SpFRET proved uniquely well-suited to dissecting the heterogeneity inherent in cooperative membrane binding by IAPP, by distinguishing membrane-bound dimers from the predominant monomeric species. SpFRET-constrained Rosetta calculations (to our knowledge, the first combined application of these powerful techniques) found a population of low-energy antiparallel helix-helix dimers that satisfy all spFRET restraints. These dimers appear competent for membrane binding, and agree with other reports on the IAPP homodimeric interaction interface. The models presented here are the most detailed yet proposed for a membrane-bound IAPP oligomer. Future studies will extend this methodology to hIAPP, and focus on subsequent states in the oligomerization pathway including those which disrupt membrane integrity.^[10] We will also study the possible effects of more physiological, heterogeneous membrane compositions in modulating IAPP conformation.
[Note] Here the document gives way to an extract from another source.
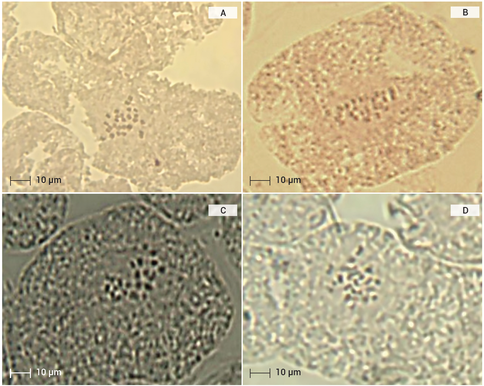Figura 1 Observaciones citológicas en zarzamora (Rubus spp.) variedad Kiowa propagada en forma sexual (A y B), conteo de cromosomas 4x = 28; y propagada en forma asexual (C y D), conteo de cromosomas 3x = 21, escala 10 µm.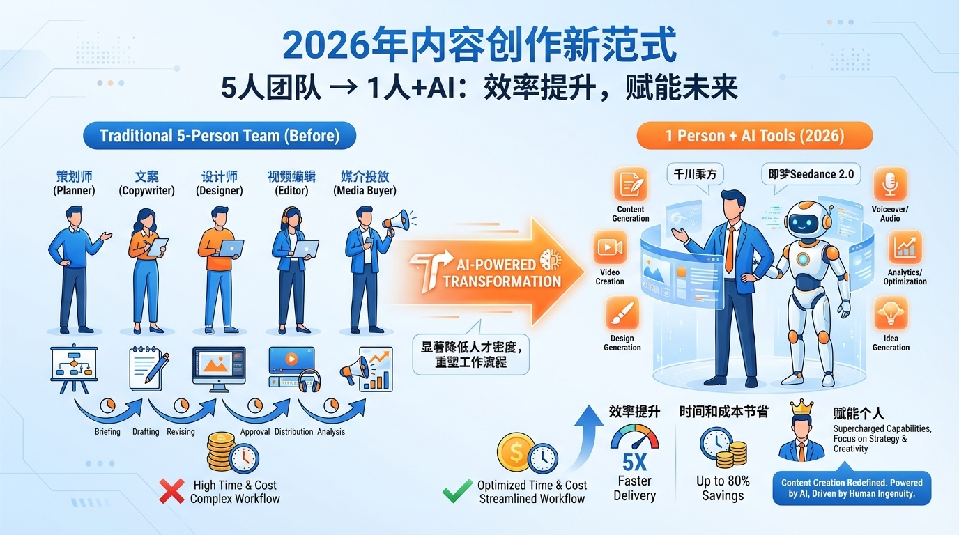 2026年,AI工具(如Gemini、即梦Seedance 2.0)的普及,让优质内容创作所需的人才密度显著降低。过去需要一个5人团队(策划+文案+设计+剪辑+投放)才能完成的内容生产流程,现在1个人+AI工具就能搞定。

More generally, the combination of spFRET and high-resolution refinement may prove useful in the study of other unstructured, toxic amyloid-formers including amyloid-β, α-synuclein, tau and prion protein.^{[3, 22]}

Experimental Section

Donor (Alexa 488) and acceptor (Atto 610) dyes were attached using click chemistry (to synthesized mutants bearing an alkyne at residues 17, 22, 30 or 36) or amine coupling to residue 1. Nanodiscs were prepared as previously described.^[13] Confocal spFRET was performed on mixtures of 100 pM donor-labeled peptide, 500 pM acceptor-labeled peptide and 40 nM Nanodiscs, using a previously described setup.^[13] Crosslinking was performed by click chemistry between IAPP azide-labeled at residue 1 and the four alkyne-bearing mutants. Constrained dimer model refinement was implemented in Rosetta as detailed in Supporting Information.